Ajie stood by the window and watched the girl in her short dungarees and white T-shirt. And then she walked into the parlor. “Good afternoon, Ma,” she said loudly, startling Ma out of her afternoon dream.
“Mm-hmm,” Ma mumbled, smacking her lips and swallowing. “Afternoon, my daughter, how are you?” She squinted and smiled as if she had any idea who the girl was.
“I am fine, thank you, Ma,” Wendy said, and Ma turned back toward the dining table to see where Paul and Bibi were; in her groggy state, she was assuming the girl was one of Bibi’s friends whom she should know.
“How are your parents?” Ma found herself asking. Bibi left the dining table and came over to Ma and Wendy. Paul had suspended his tape rolling and was watching.
“What were you doing?” Wendy asked, smiling at Bibi as if to say, Let’s just accept that we are good friends already. Her eyes were scanning the framed photographs on the wall as she and Bibi walked back to the dining area. “My name is Wendy.”

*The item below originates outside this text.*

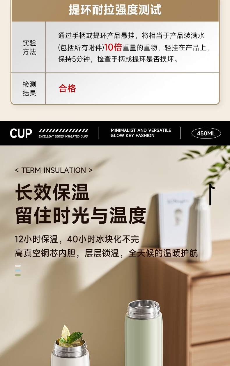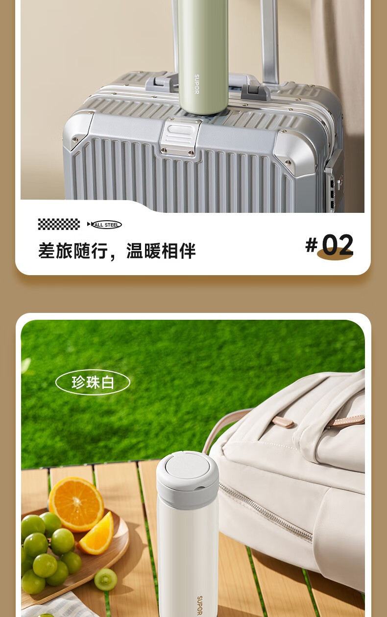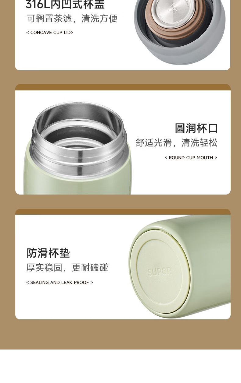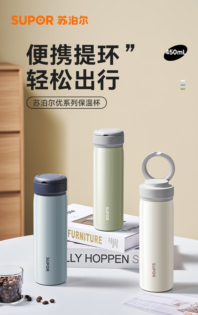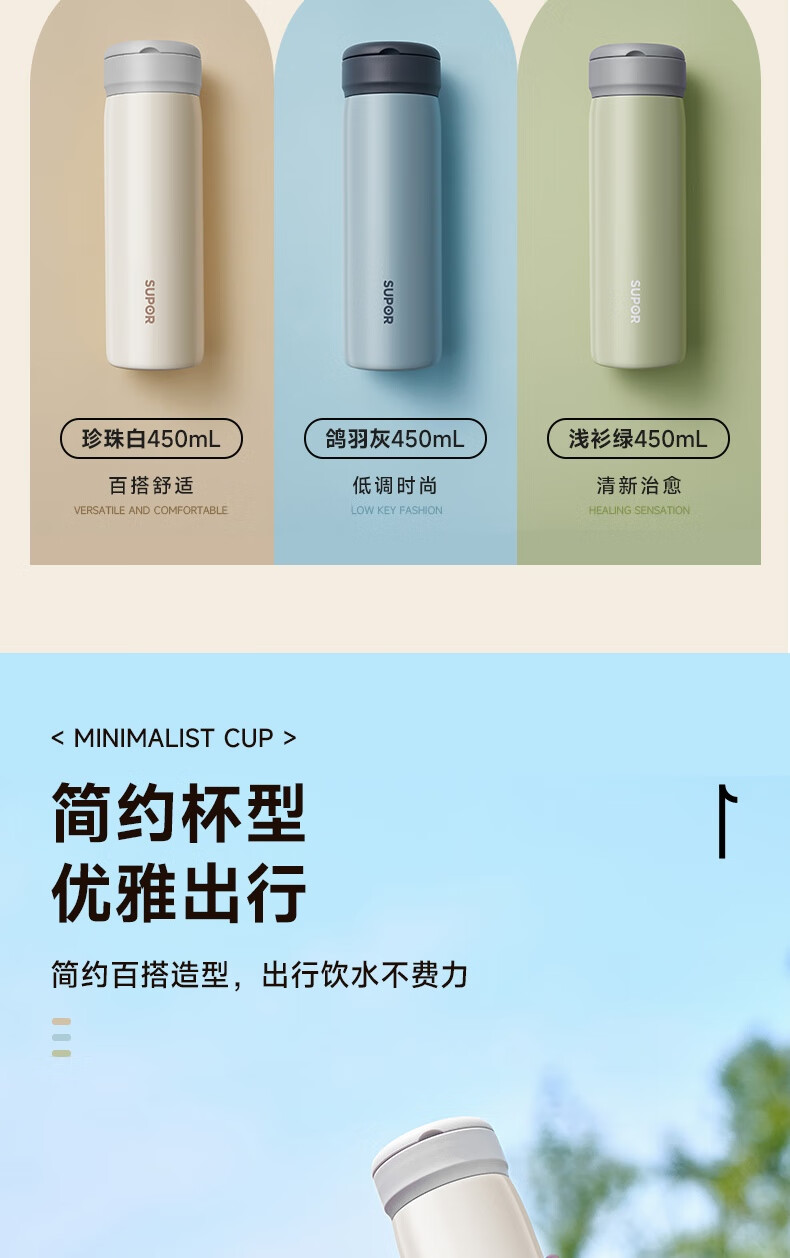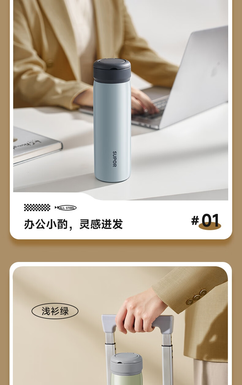 苏泊尔保温杯保温杯316L不锈钢学生水杯子 450ml KCV45BC10(珍珠白)/KCV45BC11(鸽羽棕)/KCV45BC12(浅杉绿)

Ajie was watching Paul watch Bibi and Wendy. Apart from her sky-blue short dungarees, Wendy had everything else to match: white T-shirt, white sneakers, white socks, and white wristwatch strap.
“Bibi,” Bibi replied. “My name is Bibi. I was just replying to a letter from my friend.” She pulled out one of the dining chairs for Wendy, but the two of them just stood behind the chairs for a moment, and right then Ajie would have loved to call Bibi by her full name; he would have loved to cough out, “Edobibi!” in his thickest Ogba accent, anything that might mar the sweet first impression Bibi seemed so bent on making. He would go on to explain to Wendy, who would be manifestly appalled by such an uncool name, “She was born in the year our house in the village was completed. Her name simply means a place to live, ” and then it would be left to Ma to raise her voice and say, “No. Home . It means home .” But anyway, Bibi beat him to it. “My brother Paul”—she gestured toward Paul, and then turning the other way—“Ajie, my kid brother.”
Kid stung him. The way Bibi delivered it, knowing exactly what she was doing and counting on him to endure the slight until at least the visitor was gone. Ajie snorted, hissed, and swayed in resentment, but no one noticed. Wendy nodded coolly at Ajie, and although Paul was right before her, she waved her fingers hi-yaa and immediately turned to Bibi as if there were something they had to discuss.
“Bibi, won’t you offer your friend something?” Ma asked. “I think we have some soft drinks in the fridge.”
Wendy shook her head at Bibi and winced in a big-girl sort of way, Don’t bother.
“So you are always writing letters to your friends. Who is this one to?” Wendy asked.